With XLR connectors, pins 1, 2, and 3 are usually used for the shield (ideally connected to the chassis) and the two signal wires, respectively. (The phrase "ground, live, return", corresponding to "X, L, R", is often offered as a memory aid, although the second signal wire is not a "return" in the case of differential signaling) On TRS phone plugs, the tip is signal/non-inverting, the ring is return/inverting, and the sleeve is chassis ground.

If a stereophonic or other binaural signal is plugged into such a jack, one channel (usually the right) will be subtracted from the other (usually the left), leaving an unlistenable L − R (left minus right) signal instead of normal monophonic L + R (left plus right). Reversing the polarity at any other point in a balanced audio system will also result in this effect at some point when it is later mixed-down with its other channel.

Telephone lines also carry audio through balanced circuitry, though this is generally now limited to the local loop. It is called this because the two wires form a balanced loop through which both sides of the telephone call travel. As telephones require DC power to operate and to allow simple on/off hook detection, extra circuitry was developed where one signal wire is fed from the exchange power bus, typically −50 volts, and the other grounded, both via equal value inductors which have about 400 ohms DC resistance, to avoid short-circuiting the wanted AC signal and to maintain impedance balance.

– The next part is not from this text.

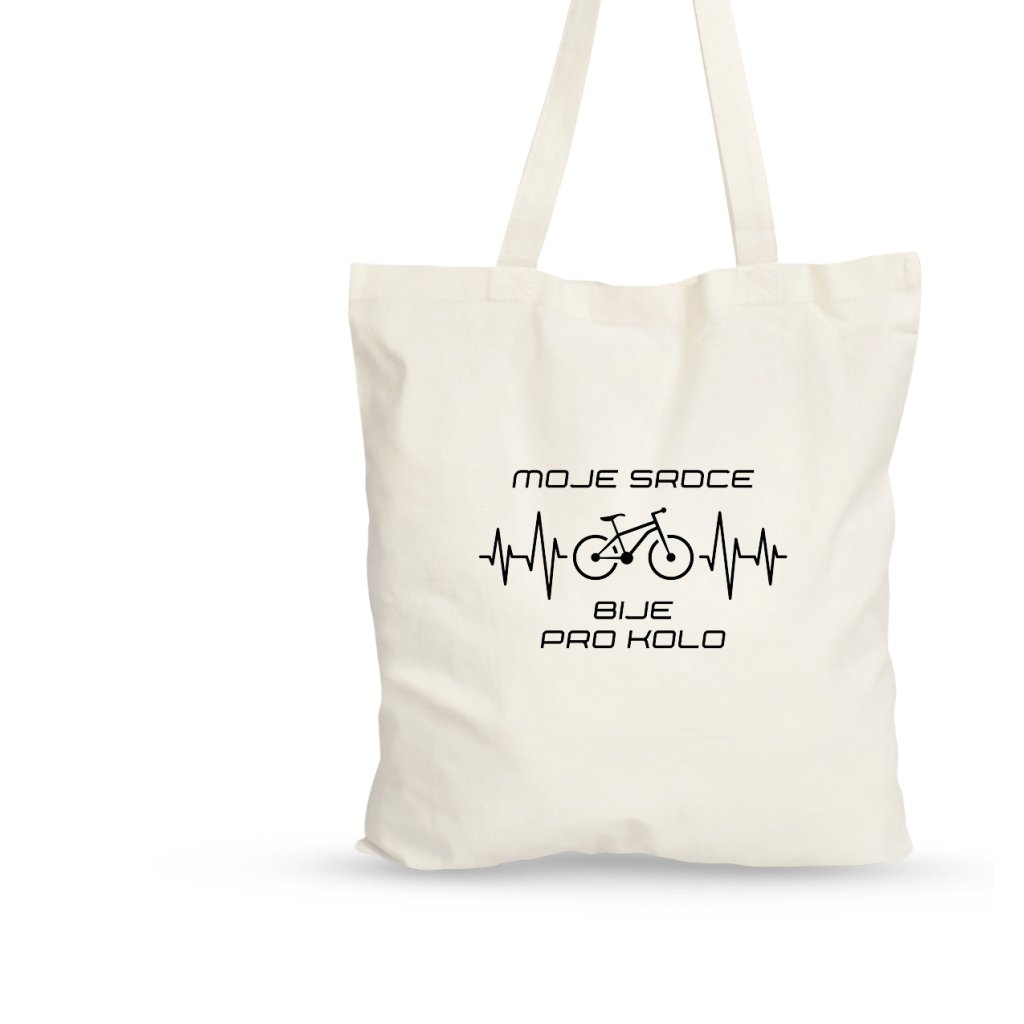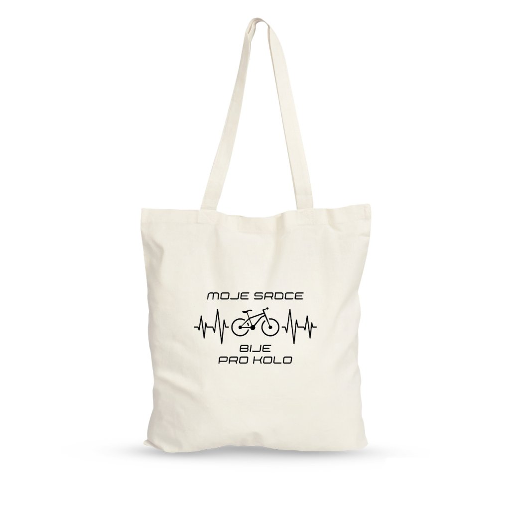 Ekologická a stylová plátěná taška s motivem, který mluví za vše: „Moje srdce bije pro kolo“. Potisk spojuje srdeční tep a kolo do designu, který z tebe udělá cyklistickou ikonu i mezi regály v obchodě. Praktická, pevná a plná stylu.
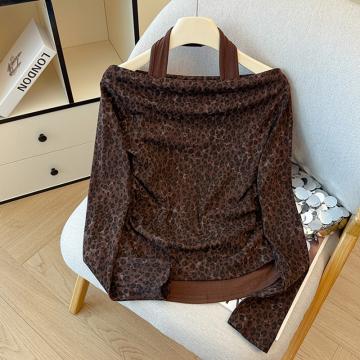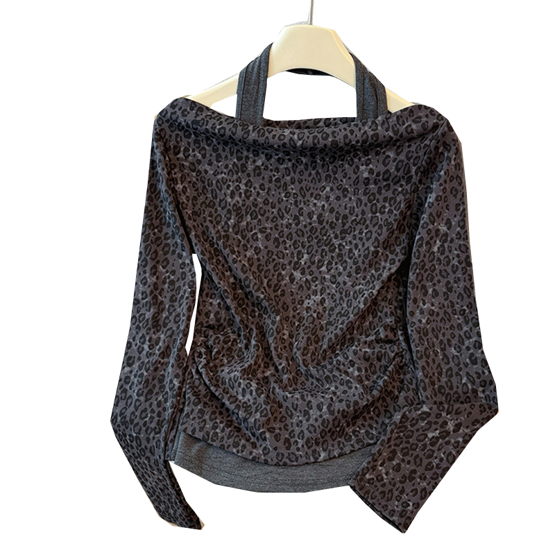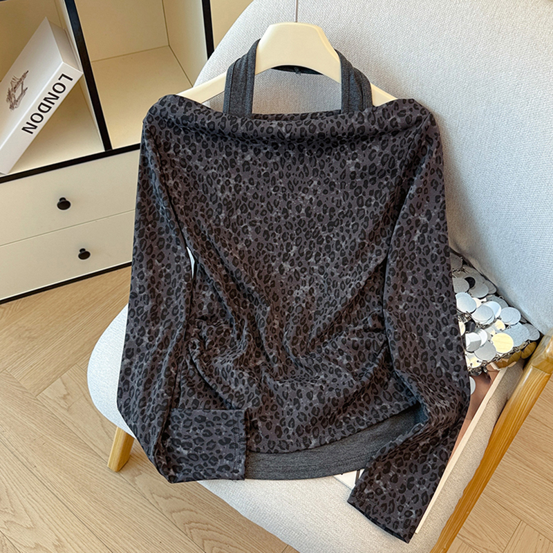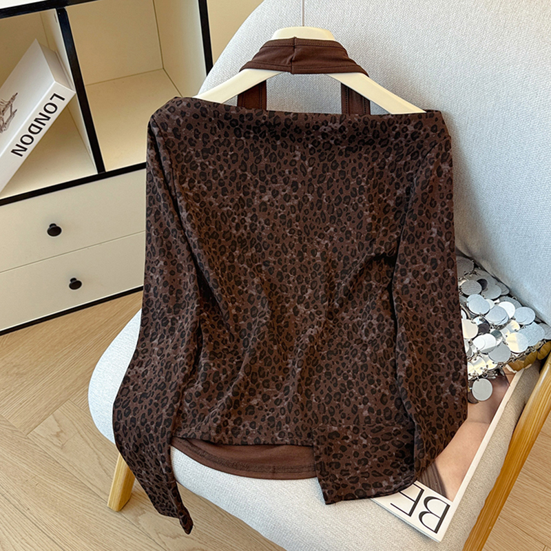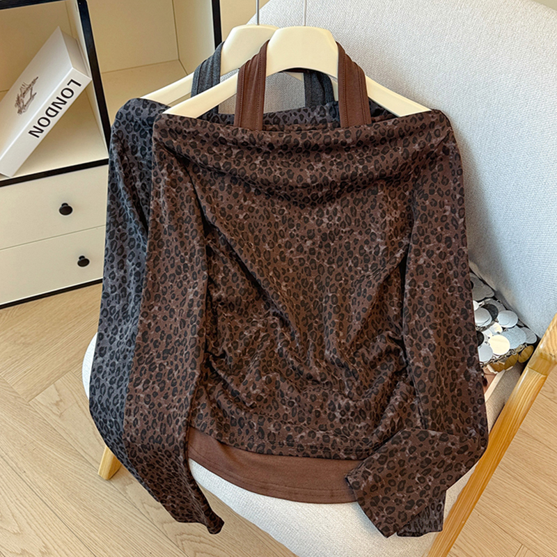 FA43790# 美式复古辣妹豹纹背心假两件长袖T恤女秋新款韩版显瘦上衣 服裝批發女裝批發服飾貨源

Digital audio connections in professional environments are also frequently balanced, normally following the AES3 (AES/EBU) standard. This uses XLR connectors and twisted-pair cable with 110-ohm impedance. By contrast, the coaxial S/PDIF interface commonly seen on consumer equipment is unbalanced.

==Converters==
Balanced and unbalanced circuits can be interfaced by the use of a balun, often through a DI unit (also called a "DI box" or "direct box").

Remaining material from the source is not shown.